**ABOUT THIS TASK**
Since the listing below shows pictures, leave them out and write out exactly the lines from the line with "- Oryginalny, oversize’owy" to the line with "It posed a small", both included, and no others.

**RECORD EXTRACTS**
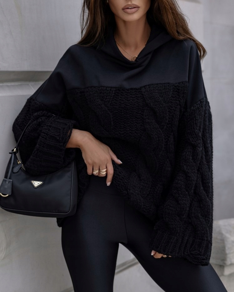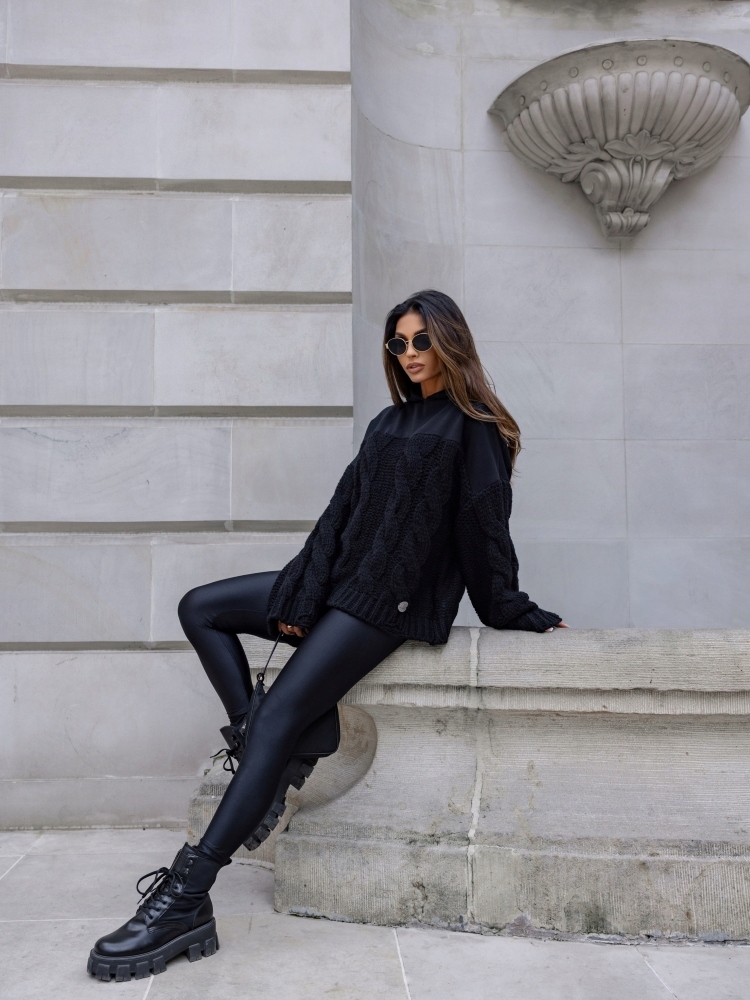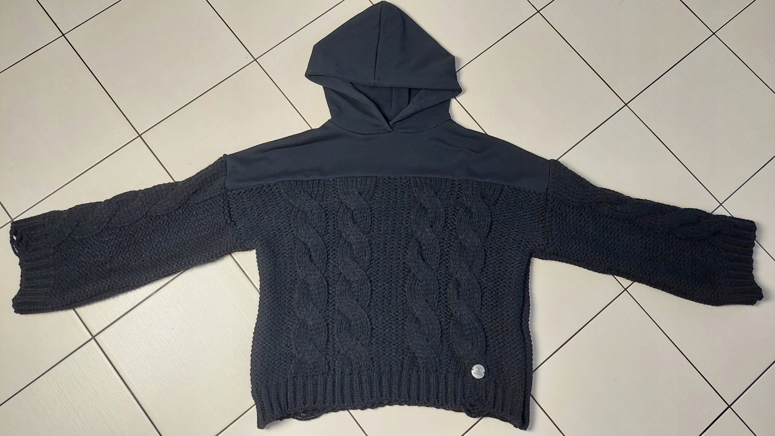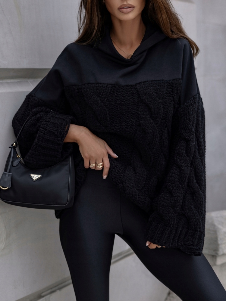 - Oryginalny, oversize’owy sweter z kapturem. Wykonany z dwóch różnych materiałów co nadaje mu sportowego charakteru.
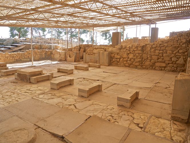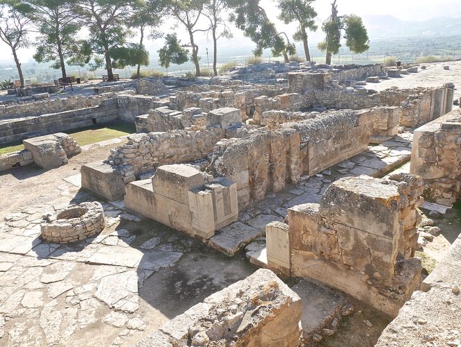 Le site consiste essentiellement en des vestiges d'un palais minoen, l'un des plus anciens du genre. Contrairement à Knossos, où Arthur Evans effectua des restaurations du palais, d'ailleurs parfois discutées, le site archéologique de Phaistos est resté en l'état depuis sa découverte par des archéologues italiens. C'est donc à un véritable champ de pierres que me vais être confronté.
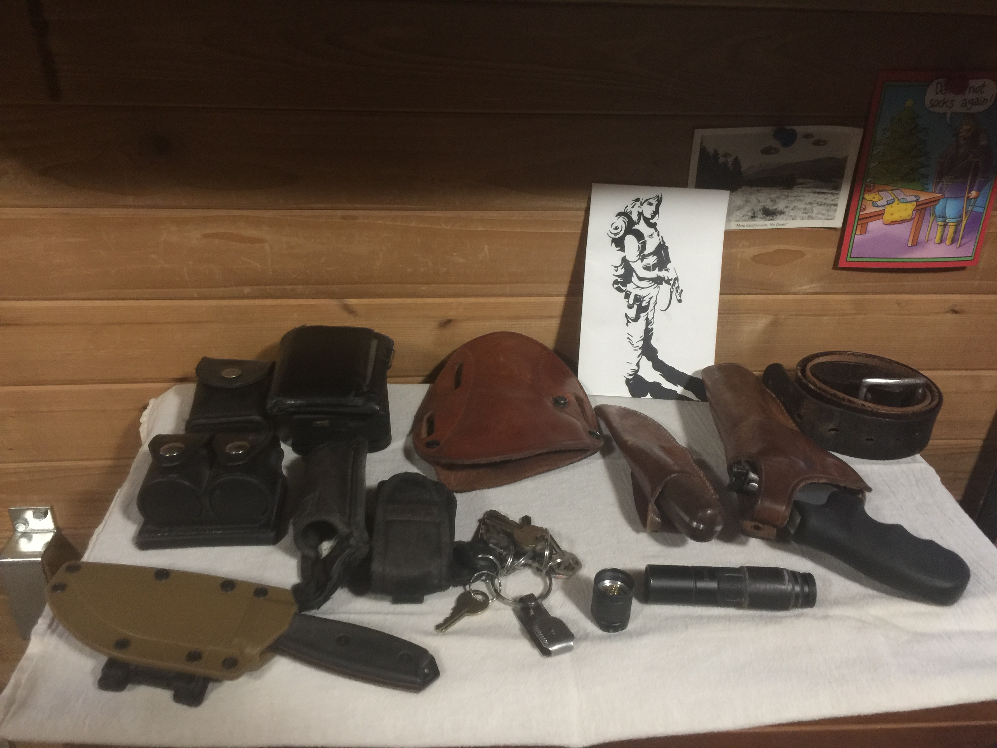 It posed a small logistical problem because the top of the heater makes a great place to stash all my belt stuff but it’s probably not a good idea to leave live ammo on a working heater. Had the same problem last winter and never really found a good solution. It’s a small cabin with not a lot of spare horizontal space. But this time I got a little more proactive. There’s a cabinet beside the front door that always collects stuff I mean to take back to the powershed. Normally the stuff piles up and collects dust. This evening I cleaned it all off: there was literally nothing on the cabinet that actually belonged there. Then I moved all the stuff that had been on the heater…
==
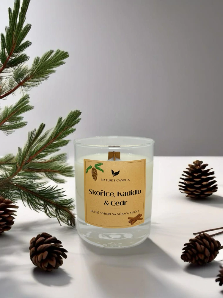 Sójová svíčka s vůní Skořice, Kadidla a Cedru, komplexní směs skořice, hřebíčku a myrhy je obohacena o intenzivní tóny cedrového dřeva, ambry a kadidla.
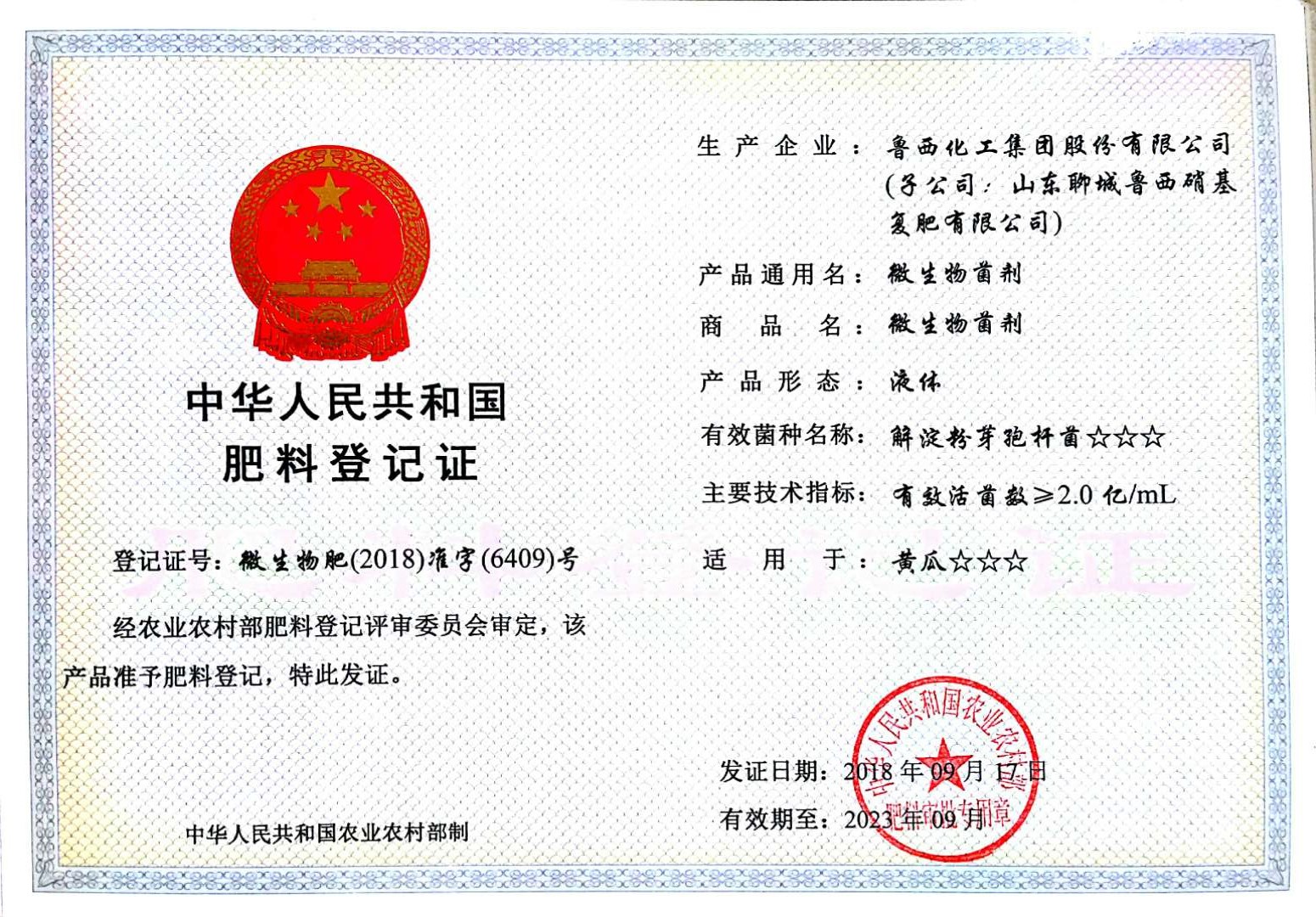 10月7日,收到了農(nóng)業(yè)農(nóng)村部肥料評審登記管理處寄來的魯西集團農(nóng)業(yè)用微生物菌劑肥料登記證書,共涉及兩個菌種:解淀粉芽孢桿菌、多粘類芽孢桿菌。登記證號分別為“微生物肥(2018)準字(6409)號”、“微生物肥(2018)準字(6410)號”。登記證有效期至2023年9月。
---
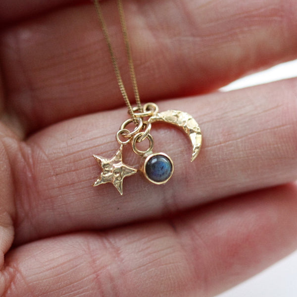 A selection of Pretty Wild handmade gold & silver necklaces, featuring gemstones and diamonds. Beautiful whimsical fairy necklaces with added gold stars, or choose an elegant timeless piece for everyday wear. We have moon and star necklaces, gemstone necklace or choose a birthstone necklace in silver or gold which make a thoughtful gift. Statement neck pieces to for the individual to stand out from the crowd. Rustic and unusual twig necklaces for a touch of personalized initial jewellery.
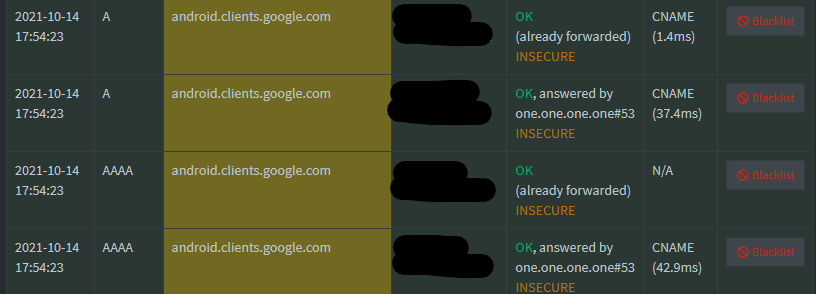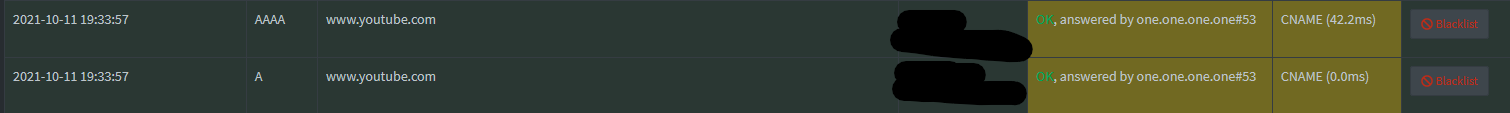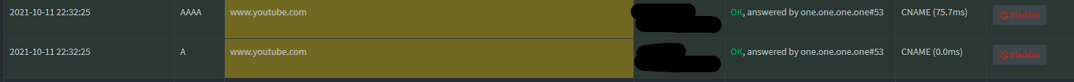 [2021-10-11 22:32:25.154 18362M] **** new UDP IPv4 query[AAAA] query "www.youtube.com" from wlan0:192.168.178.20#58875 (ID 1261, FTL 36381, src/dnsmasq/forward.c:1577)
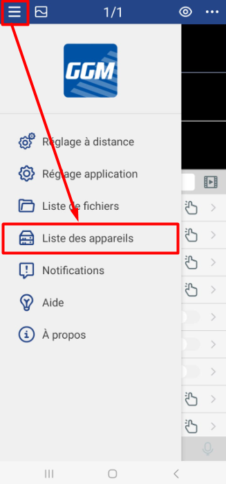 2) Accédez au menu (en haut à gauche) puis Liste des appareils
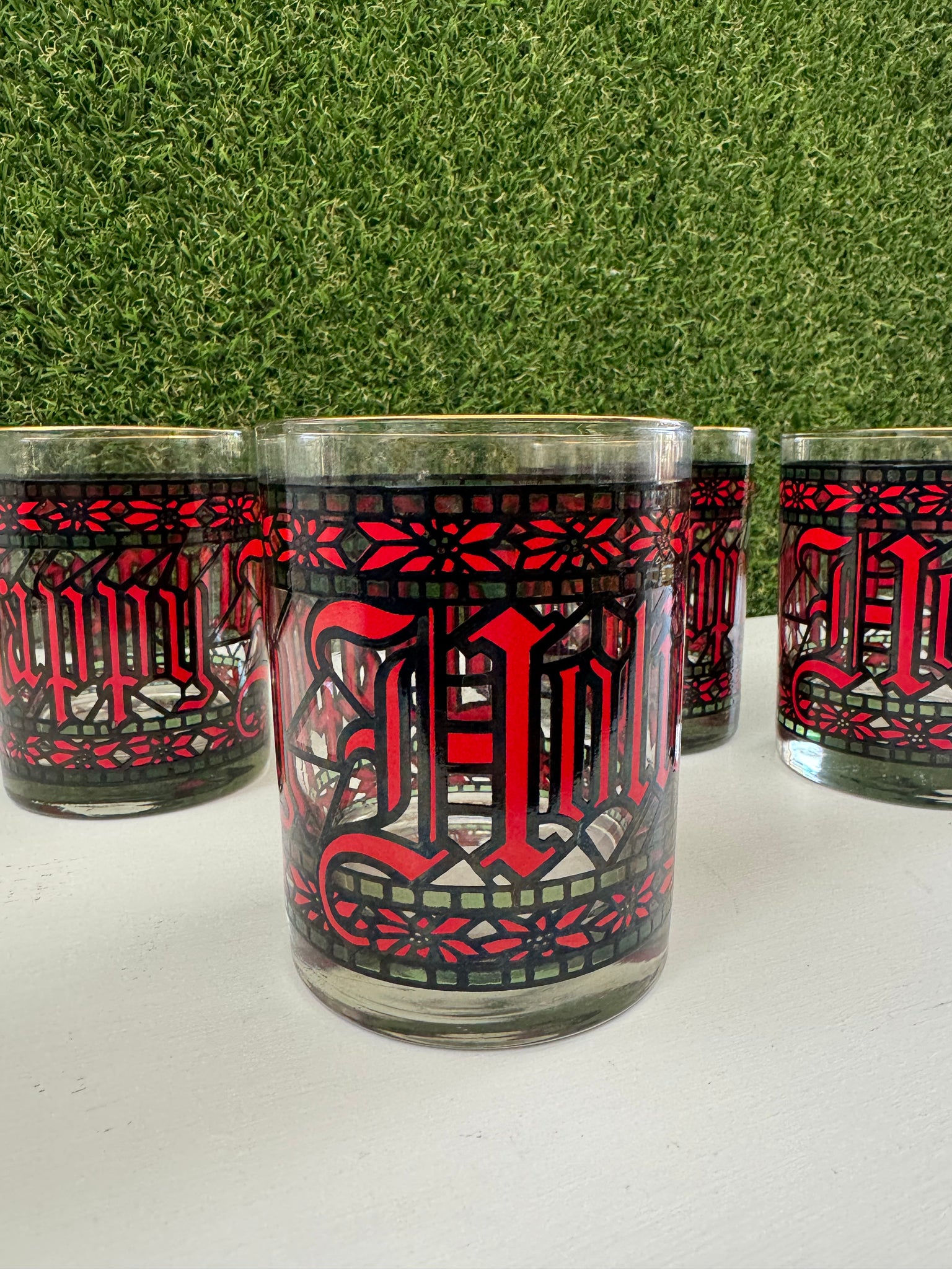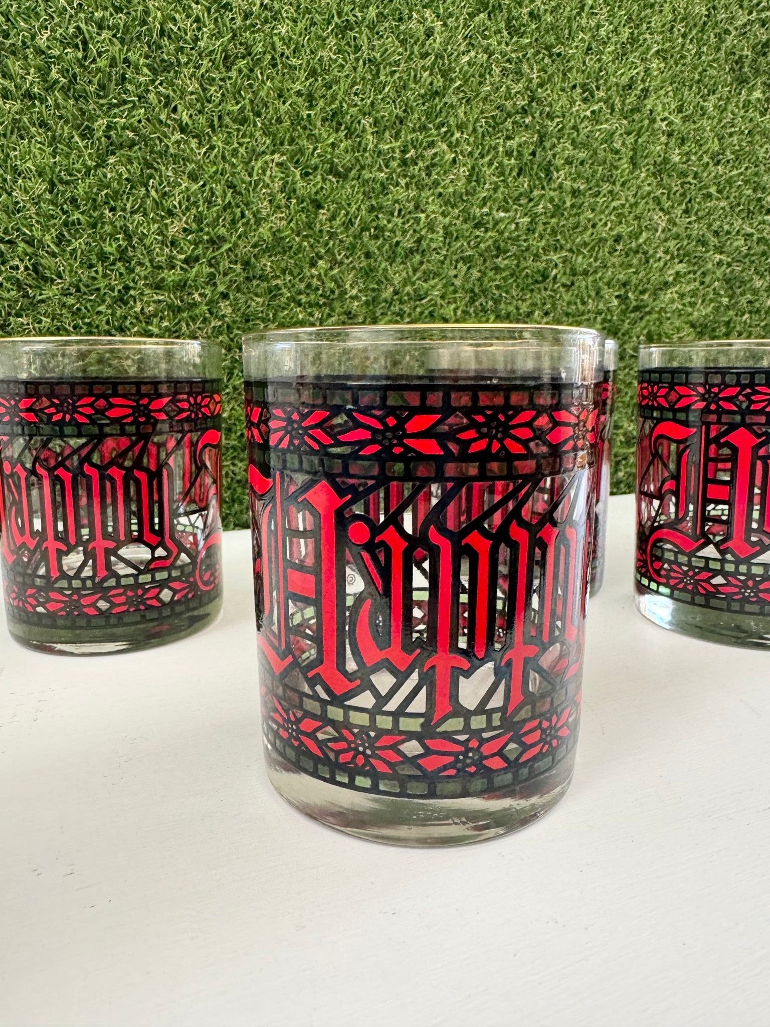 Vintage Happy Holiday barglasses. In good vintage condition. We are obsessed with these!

**SOLUTION TO THE EXERCISE**
 - Oryginalny, oversize’owy sweter z kapturem. Wykonany z dwóch różnych materiałów co nadaje mu sportowego charakteru.
 Le site consiste essentiellement en des vestiges d'un palais minoen, l'un des plus anciens du genre. Contrairement à Knossos, où Arthur Evans effectua des restaurations du palais, d'ailleurs parfois discutées, le site archéologique de Phaistos est resté en l'état depuis sa découverte par des archéologues italiens. C'est donc à un véritable champ de pierres que me vais être confronté.
 It posed a small logistical problem because the top of the heater makes a great place to stash all my belt stuff but it’s probably not a good idea to leave live ammo on a working heater. Had the same problem last winter and never really found a good solution. It’s a small cabin with not a lot of spare horizontal space. But this time I got a little more proactive. There’s a cabinet beside the front door that always collects stuff I mean to take back to the powershed. Normally the stuff piles up and collects dust. This evening I cleaned it all off: there was literally nothing on the cabinet that actually belonged there. Then I moved all the stuff that had been on the heater…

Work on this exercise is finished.